Okay, having lost 35 pounds, a few people have asked me how I did it. What you're going to get here is a very difficult plan that requires discipline. There is no easy way. I'd also like to give credit to Nigel, who helped develop the bare-bones plan that the doctor gave me into a more comprehensive and effective method.
First, cut out all of the following:
Fast food. No exceptions other than salads.

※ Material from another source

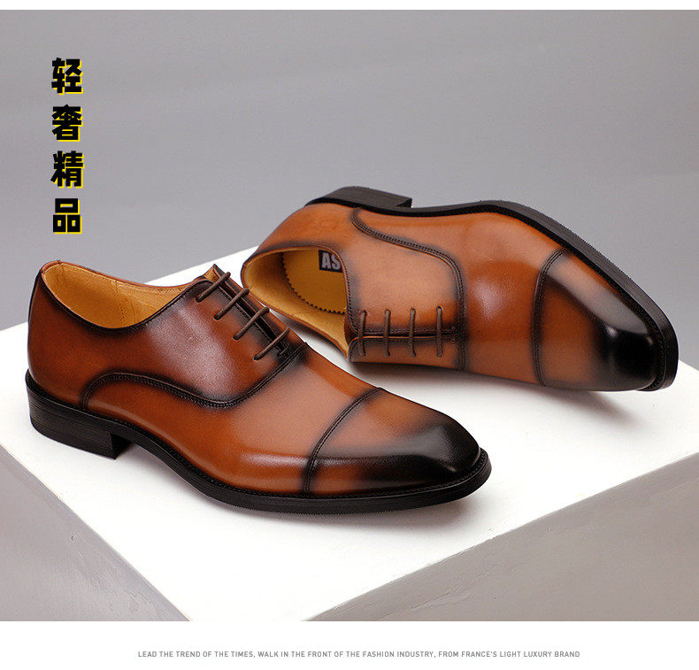 Business formal leather shoes men's leather 2022 new British high-end casual men's shoes three-joint wedding large size shoes

Anything that went in a deep fryer. Period.
Booze of any kind. No exceptions, no days off.
Junk food (chips, ice cream, pastries, etc)
Non-diet soda. This one is a killer.
You will notice that I have not mentioned carbs, etc. There is good reason for this. You NEED carbs.
Second, plan your calorie limit. Nigel pointed out a really good site,
http://thedailyplate.com Go there, and plug in your height, weight, age, etc, and tell it the following, no matter what the real case is:
1. I wish to maintain my present weight.
2. I do low/moderate exercise
When you do this, it will give you your "break even" calories. Subtract 500 from this number. This is your target goal, every day except Sunday. On Sunday, hit your break even number, but don't exceed it. You need to do this to be in decent condition for Monday at work, and to give yourself a rest.
Third, plan your diet, using the number generated above for your total daily intake. HOWEVER, no meal should be larger than the following example:
1. Two slices of bread, low cal mayo, and
either a piece of cheese OR meat the size of the palm of your hand.
2. A pile of veggies the size of your fist.
Calculate the calories involved (regging an account at the daily plate opens up all kinds of neat tools for doing this), and you can figure the number of meals per day. This is important...the idea is to shrink your stomach. Multiple small meals are better than 3 solid meals. Space these out evenly over the day. Plan 340 calories for 2 slimfasts or the like. This is important, and I'll cover it later. Also, plan 90 calories for bed time (also covered later)
If you aren't having a sammich, then substitute it with the food you are going to eat, but nothing larger than your fist in total volume.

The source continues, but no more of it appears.